Not to sound corrosive, but it came as no surprise when the news came through that Beanie Sigel was going to the slammer after his third album release, entitled The B. Coming. His music record boasted his track record on the streets, yet it still hit as a harsh reality that he had to do time even as a recording artist with a legitimate profession.
Getting back on his rapping grind, the Broad Street Bully returns from this to reveal The Solution. He may have had something different in mind this time around, because he brings no previous producers from The B. Coming back.
The album bounces off with a Runners track featuring R&B’s infamous R. Kelly on the first single “All of the Above.” Stating that nothing has changed in the past couple years, Beanie raps “Mr. beat the case is back / Got acquitted stitch fitted in a gangster hat / Now I’m back sick wit it with this gangster rap / Let’s get it where my gangsters at.”
The gritty bass-bangin’ on “Get Low” gives weight to the melodic echo of Rock City’s hook. However, the lyrics sound close to regurgitated similes with lines like “I’m what the games been lackin’ / Like Joe no Jacksons / Like Kobe no Shaq / Like James no Magic” and “I just drop it and spin it, the water stick to it / Everyday I’m hustlin’, pushin’ harder than Rick do it / I keep a cannon like Nick do it.”
Thankfully, it is immediately followed by the strongest track of the album, “Gutted.” The catchy hook keeps Sigel stuntin’, rapping “You talking about that bread but your bread ain’t buttered / You talking ace of spades but you ballin’ on a budget,” with the stabs of “gutted” thrown at the fakers and wannabes. Jay-Z’s verse falls a bit short of exceptional, but his laid back presence gives the track a push and pull effect that works.
Hova is not the only legend Beanie grabs for the album. On “Rain (Bridge),” the listener is welcomed by the icon himself, Scarface. Beanie lends a hand to the street soldiers behind bars, which he himself has had to cope with in the past. Not soft enough to call it touching, but it is humble enough to see the Broad Street Bully’s family-giving side. Reefa also comes correct on the production giving him a perfect score on the album.
It’s almost as if Beanie Sigel was channeling his Scarface rendition in the album-ending record “Prayer.” His rugged voice turns sorrowful, and his lyrics sound more grateful and preacher-like.

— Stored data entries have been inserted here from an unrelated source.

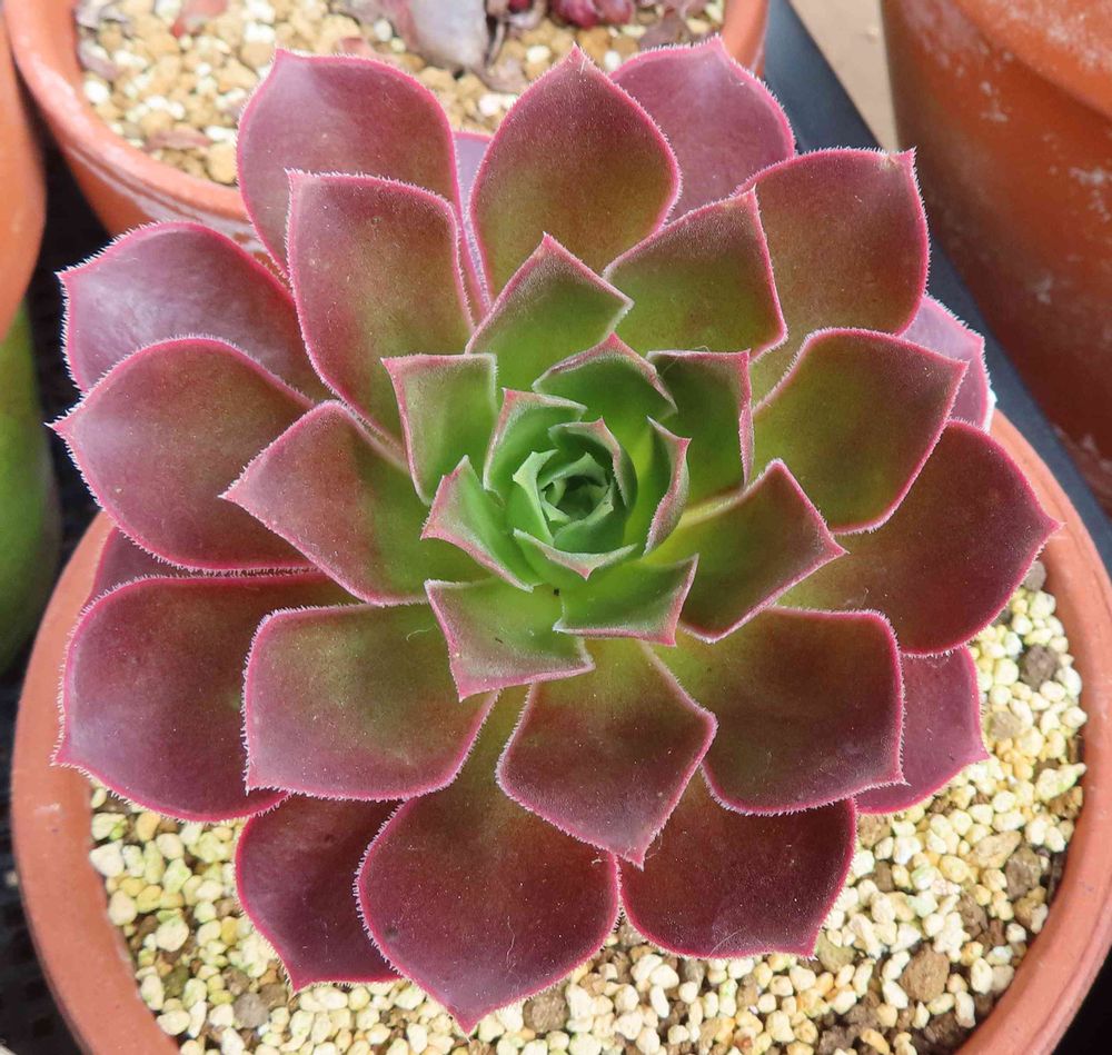 この季節はアエオニウムの変化が激しくて時々ハッとさせられる。このフェニックスフレームもちょっと前まで緑だったのが,急に色が変わってきた。
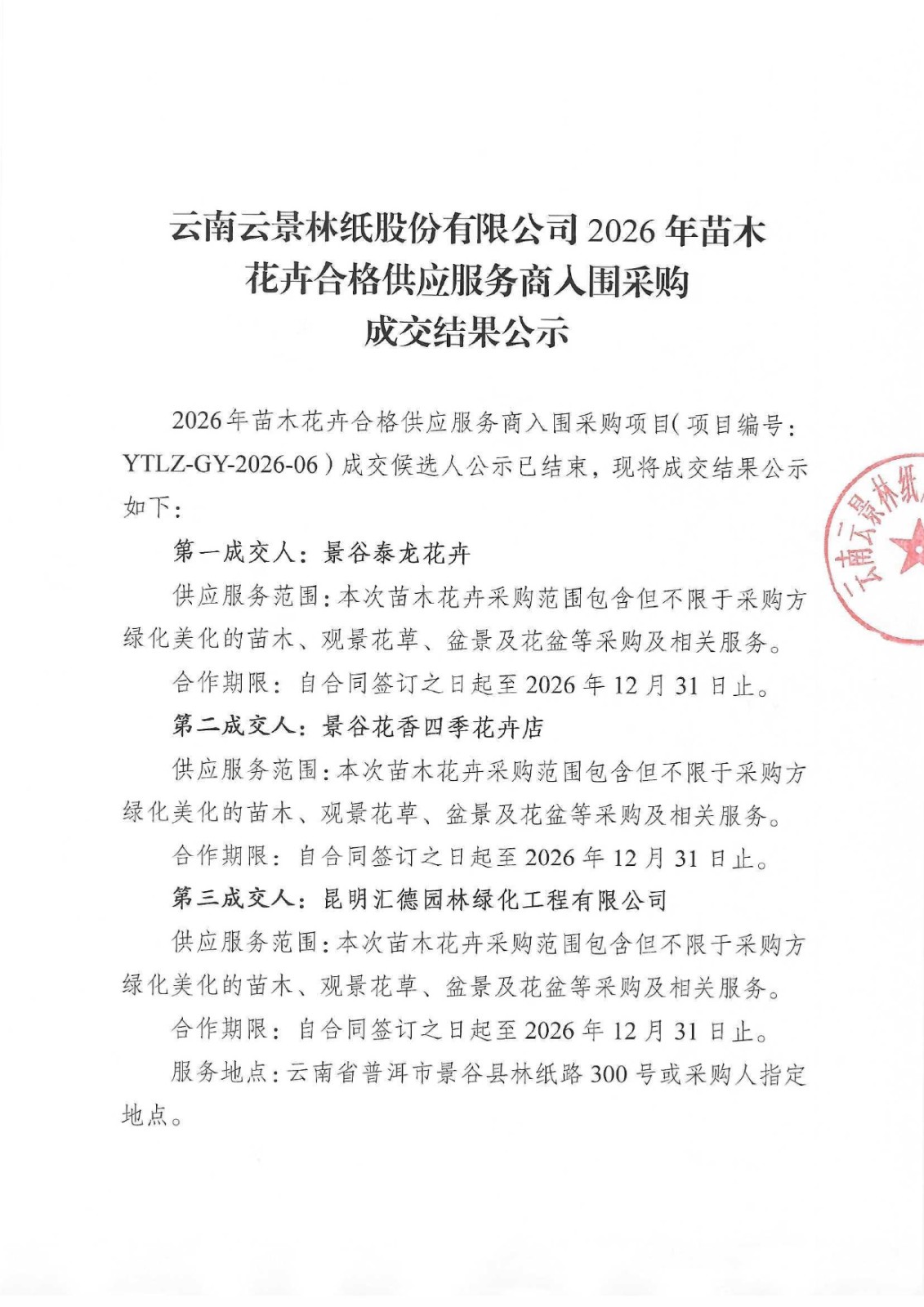 云南云景林紙股份有限公司2026年苗木花卉合格供應(yīng)服務(wù)商人圍采購成交結(jié)果公示
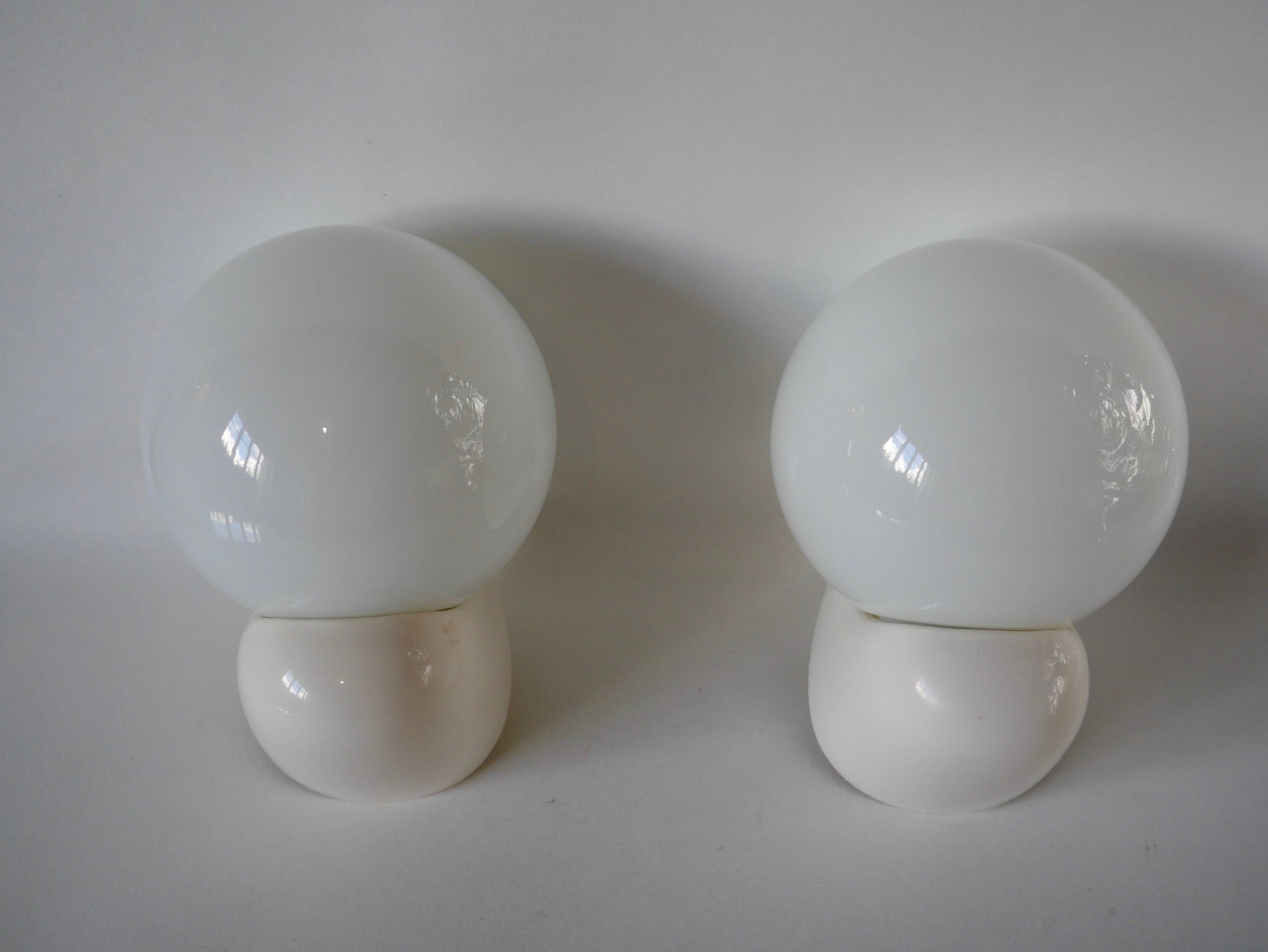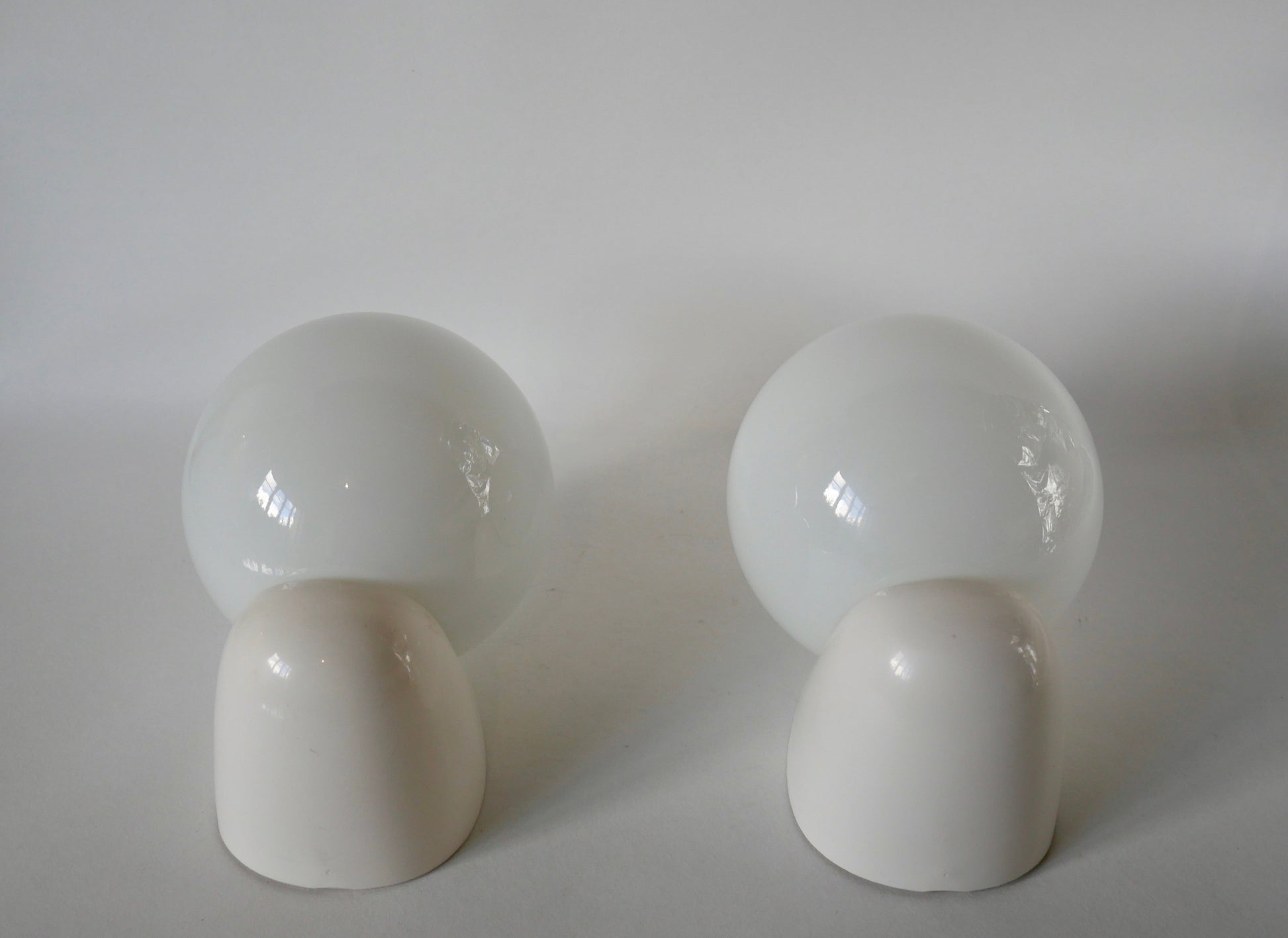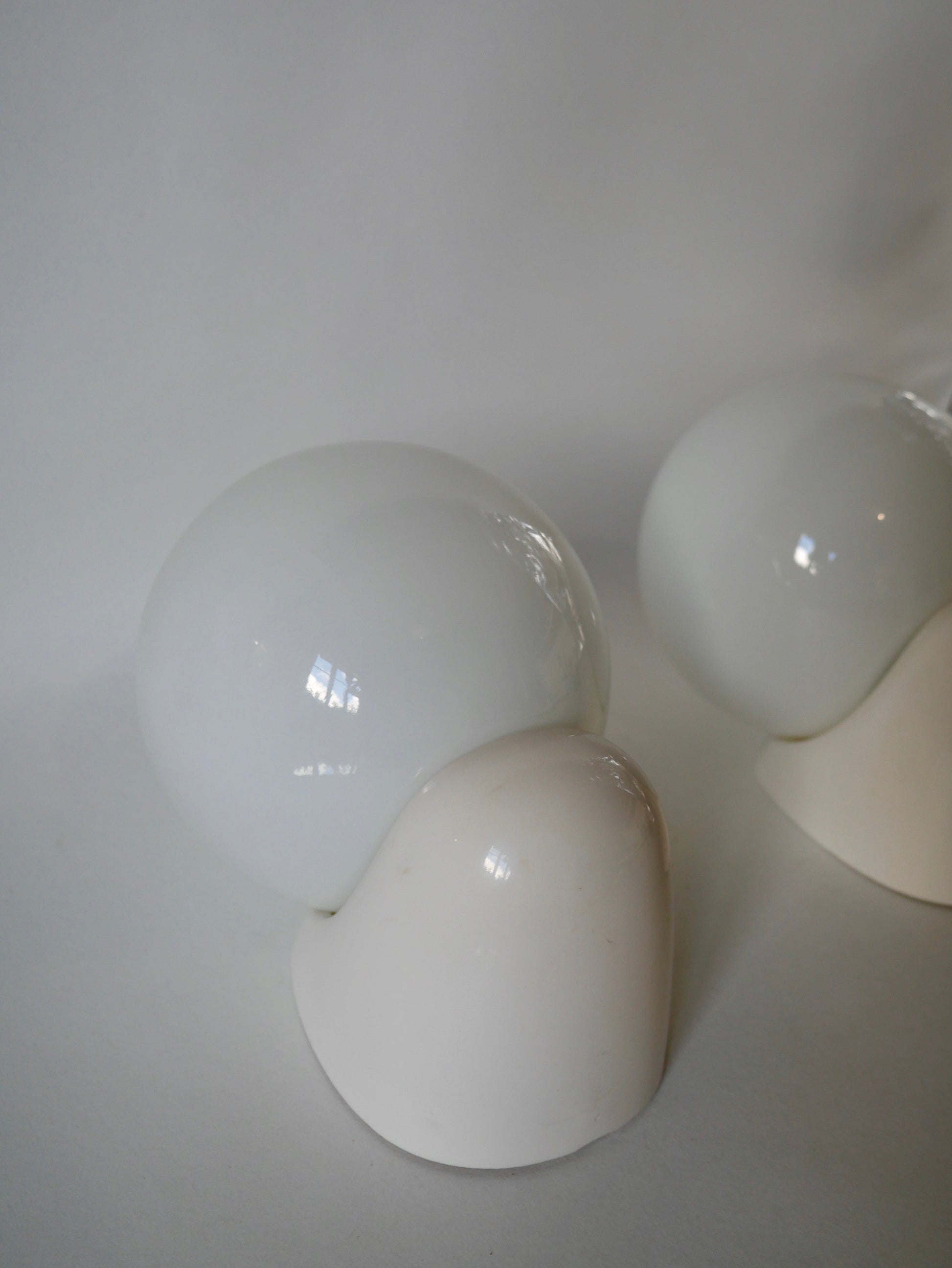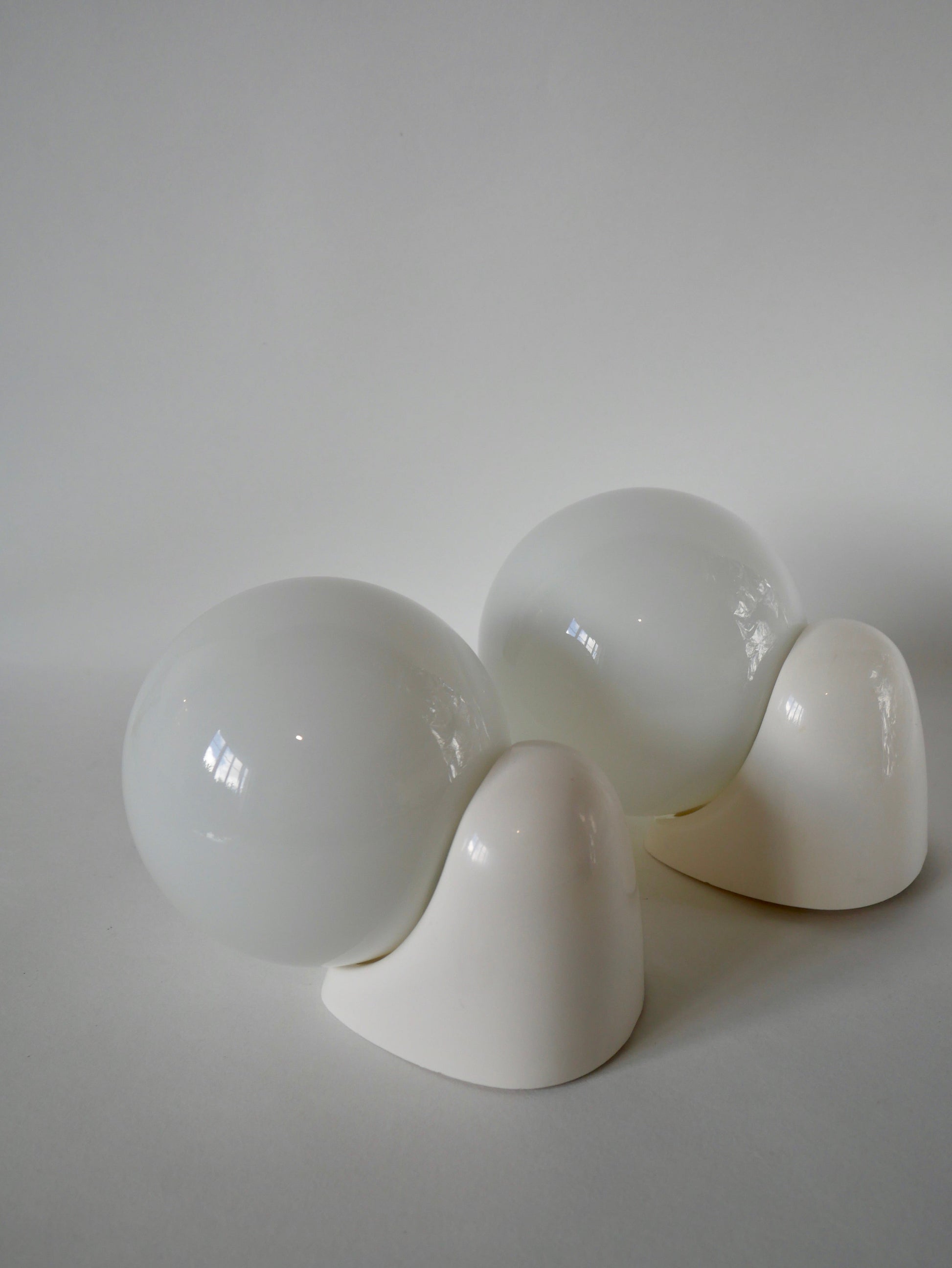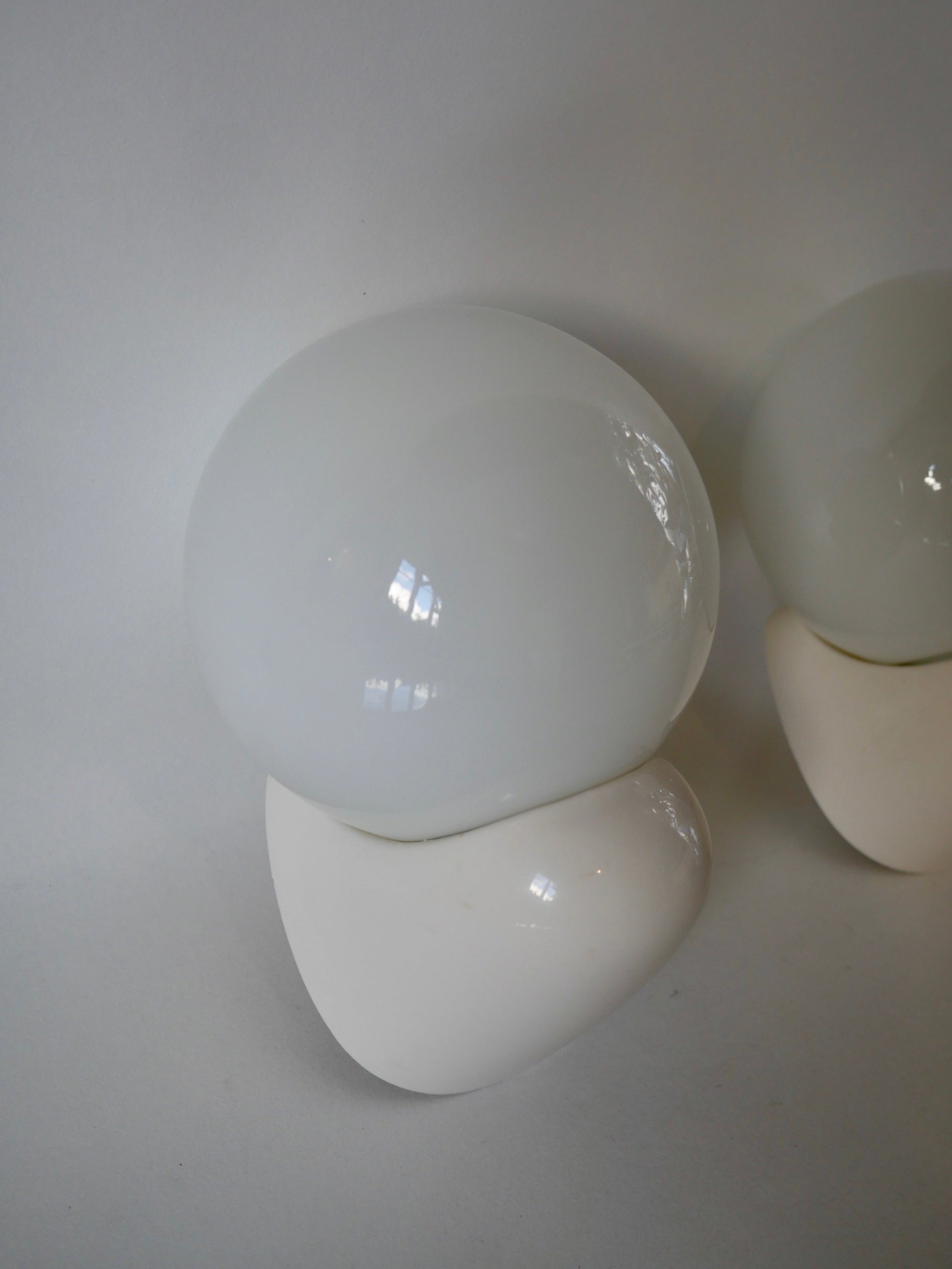 Magnifique paire d'appliques murales design Tissot Space Age opaline et plexi Made in France modèle déposé années 70. En excellent état. Dimensions : 13 X 17 cm et socle 10 X 8 cm..

It’s disappointing to see his growth as a rapper finally show up this late in the album, rhyming “Never leave thee astray / Cause I know I can’t walk this alone / I’m in fear of that fork in the road / The devil there waiting to claim my soul / So I pray that you hold my hand / As I follow your footprints in the sand.” Raheem DeVaughn’s soulful chorus gives “Prayer” the extra boost in stamina to finish off The Solution, no small task to complete.
If Beanie Sigel felt he was going to reveal a startling revelation through his music with The Solution, he fell short of a plan to catapult his designs into action. We could give him credit for staying in the game amidst criminal charges. We could credit his slight consistency with four albums in seven years. Does his music justify his thug? Of course it does. But will it have listeners running to the record store after hearing the leak? I guess 3 out of 4 ain’t bad for the Roc-A-Fella team in 2007.